Ordhan Herlogan diente als Wehrvogt und später Vogt seines älteren Bruders Tuachall Herlogan in Niederhoningen. Nebenbei machte er sich als erfolgreicher Turnierritter einen Namen. Er verbrachte einige glückliche Jahre mit seiner Familie auf Schloss Andoain, ehe er als Vogt von Niederhoningen in Abwesenheit seines Bruders eine Entscheidung traf, die das Schicksal seiner Familie über Jahrzehnte bestimmen sollte: Im Albernischen Bürgerkrieg sicherte er der Usurpatorin Isora Ulaman von Elenvina politische und militärische Unterstützung zu. Nach Ende des Bürgerkriegs wurde er dafür von seinem Bruder aus Niederhoningen verbannt und von den politischen Gegnern ins Exil gezwungen.

In der Verbannung

Gemeinsam mit seiner Frau und seinen jüngeren Kindern, Callan und Caia verließ Ordhan Herlogan Albernia und verbrachte einige Jahre im Stammland seiner Familie, im Horasreich nahe Kuslik. Seine älteste Tochter Ciria wurde in den Nordmarken in die Pagenschaft gegeben. Im Exil wurde Ordhans jüngster Sohn Cei geboren. Meara erholte sich von der Geburt nicht und starb, als das Kind zwei Jahre alt war.

Ordhan hatte zunächst keine Verwendung für seinen Sohn und ließ ihn von Verwandten in Albernia groß ziehen. Mit seiner Tochter Caia zog er an den Herzogenhof der Nordmarken, wo diese eine Pagenschaft begann und später als Hofdame diente. Im Umfeld der Isora von Elenvina suchte Ordhan nach politischen Unterstützern und bereitete seine Rückkehr nach Albernia vor, wo ab dem Jahr 1015 seine Nichte Rahjalyn Baronin von Niederhoningen war.

Rückkehr nach Albernia

Während des Unabhängigkeitskrieges, 1029, kehrte Ordhan mit seinen Töchtern nach Albernia zurück, zunächst an den Hof der Isora Ulaman von Elenvina. Von Gräfin Rhianna Conchobair wurde er 1031 als Baron von Niederhoningen eingesetzt, nachdem seine Nichte von dem Lehen hatte fliehen müssen.

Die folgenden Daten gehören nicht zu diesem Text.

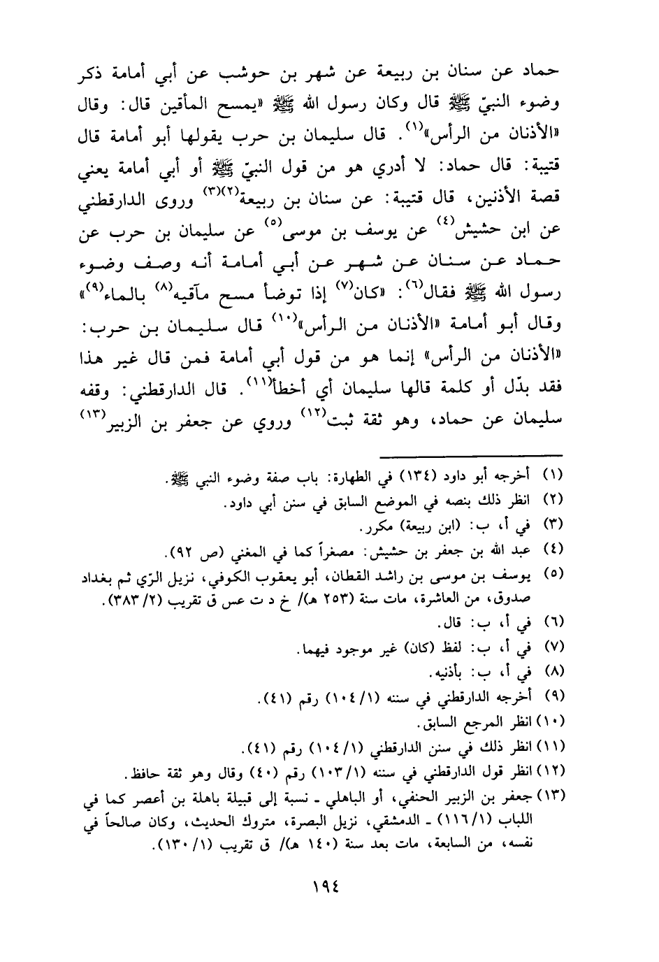 حَمَّاد عَن سِنَان بن ربيعَة عَن شهر بن حَوْشَب عَن أبي أُمَامَة ذكر وضوء النَّبِي - صَلَّى اللَّهُ عَلَيْهِ وَسَلَّم َ - قَالَ وَكَانَ رَسُول الله - صَلَّى اللَّهُ عَلَيْهِ وَسَلَّم َ - " يمسح المأقين قَالَ: وَقَالَ " الأذنان من الرَّأْس ". قَالَ سُلَيْمَان بن حَرْب يَقُولهَا أَبُو أُمَامَة قَالَ قُتَيْبَة: قَالَ حَمَّاد: لَا أَدْرِي هُوَ من قَول النَّبِي - صَلَّى اللَّهُ عَلَيْهِ وَسَلَّم َ - أَو أبي أُمَامَة يَعْنِي قصَّة الْأُذُنَيْنِ، قَالَ قُتَيْبَة: عَن سِنَان بن ربيعَة وروى الدَّارَقُطْنِيّ عَن ابْن حشيش عَن يُوسُف بن مُوسَى عَن سُلَيْمَان بن حَرْب عَن حَمَّاد عَن سِنَان عَن شهر عَن أبي أُمَامَة أَنه وصف وضوء رَسُول الله - صَلَّى اللَّهُ عَلَيْهِ وَسَلَّم َ - فَقَالَ: " كَانَ إِذا تَوَضَّأ مسح مآقيه بِالْمَاءِ " وَقَالَ أَبُو أُمَامَة " الأذنان من الرَّأْس " قَالَ سُلَيْمَان بن حَرْب: " الأذنان من الرَّأْس " إِنَّمَا هُوَ من قَول أبي أُمَامَة فَمن قَالَ غير هَذَا فقد بدل أَو كلمة قَالَهَا سُلَيْمَان أَي أَخطَأ. قَالَ الدَّارَقُطْنِيّ: وَقفه سُلَيْمَان عَن حَمَّاد، وَهُوَ ثِقَة ثَبت وَرُوِيَ عَن جَعْفَر بن الزبير

Sein Lehen konnte sich Ordhan über den Abilachter Frieden erhalten. Seine Nichte Rahjalyn ist mittlerweile Baronin von Glydwick. Das Verhältnis der beiden ist nicht einfach, allerdings bemühen sich die Herlogan geschlossen aufzutreten und familiäre Zwistigkeiten nicht nach außen zu tragen. Wegen seiner Vergangenheit ist Ordhan beim restlichen Adel der Grafschaft nicht sonderlich beliebt.

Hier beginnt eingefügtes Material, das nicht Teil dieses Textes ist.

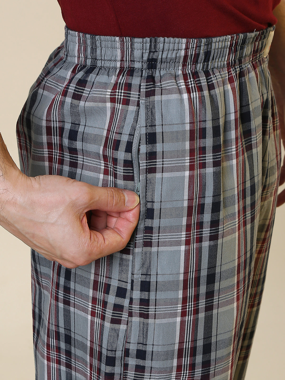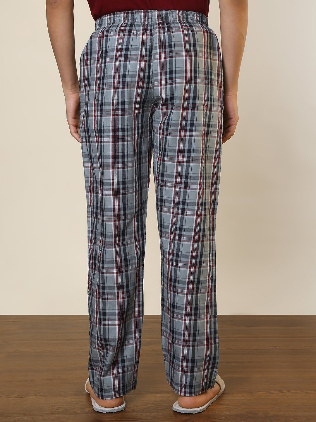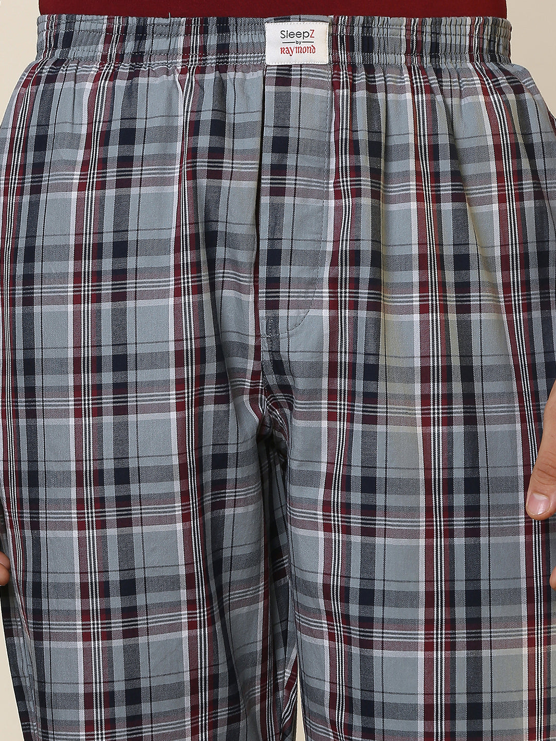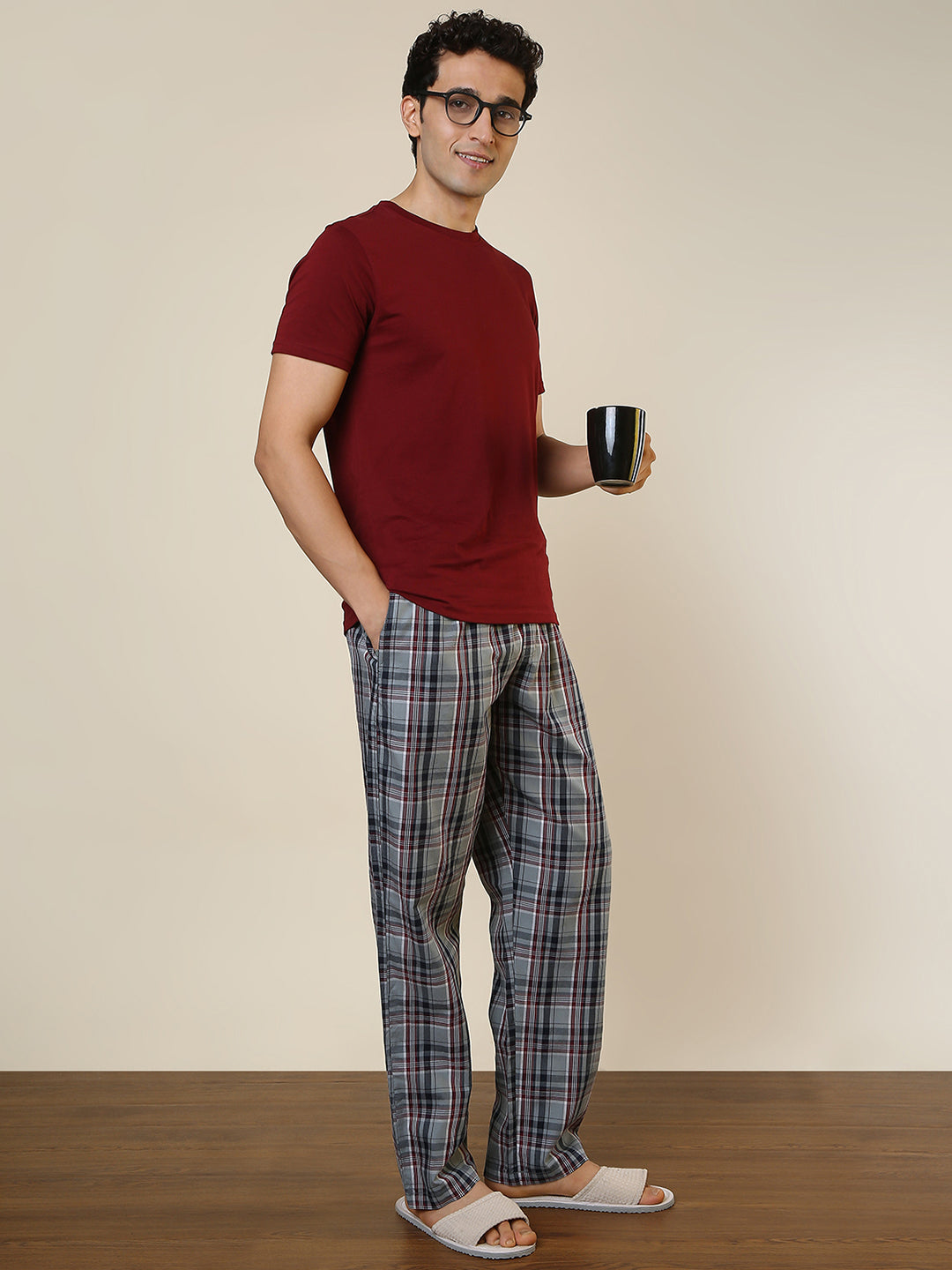 Sleepz Men Grey Checks Regular Fit Cotton Pyjama

Ordhan ist bemüht, seinen Ruf und die Verbindungen zum Albernischen Adel und der Krone zu verbessern. Dazu hat er zum Beispiel seinen jüngsten Sohn Cei im Jahre 1032 in die Knappenschaft bei den Rittern der Krone gegeben. Als der Graf von Winhall anlässlich des Schicksalsturniers im Jahr 1033 eine Braut suchte, reiste auch Ordhan gen Weyringen, um den Grafen seine Tochter Caia anzubieten. Doch durch widrige Umstände ging seine Tochter auf dem Weg zum Turnier in den Winhaller Wäldern verloren und galt lange als verschollen, ehe die Familie im Jahr 1040 ein Lebenszeichen von ihr erhielt und bald darauf deutlich wurde, dass Caia Herlogan einen alten Pakt mit einer Fee im Farindel einlöst.

Neue Bündnisse

Im Efferd 1041 ließ Ordhan Herlogan seine Erstgeborene von deren Gemahl Gishelm von Rotwassern scheiden, der ihm zuletzt als 'nutzloser Esser' ein Dorn im Auge gewesen war. Dass seine Tochter jedoch ihr zweites Kind von ihm erwartete und ihm und der Travia-Kirche dieses verschwieg, dürfte ihn wenig erfreut haben. Er strebte an, sie ein weiteres Mal gewinnbringend zu verheiraten, doch Ciria machte ihm einen Strich durch die Rechnung, indem sie vor Rondra ein Turnier in der Arena der albernischen Hauptstadt ausrief, in dem am 12. Praios 1042 mehrere Männer um ihre Hand stritten. Ordhans Wunschkandidat, der garetische Seneschall der Sighelmsmark Marnion von Sturmfels verlor, und so heiratete Ciria Herlogan am 14. Travia 1042 den Nordmäker Kilian von Rickenbach. Am gleichen Tag ging auch Ordhan Herlogan noch einmal den Travienbund ein, auch mit einer Nordmärkerin: Harlindis Unnia vom Berg.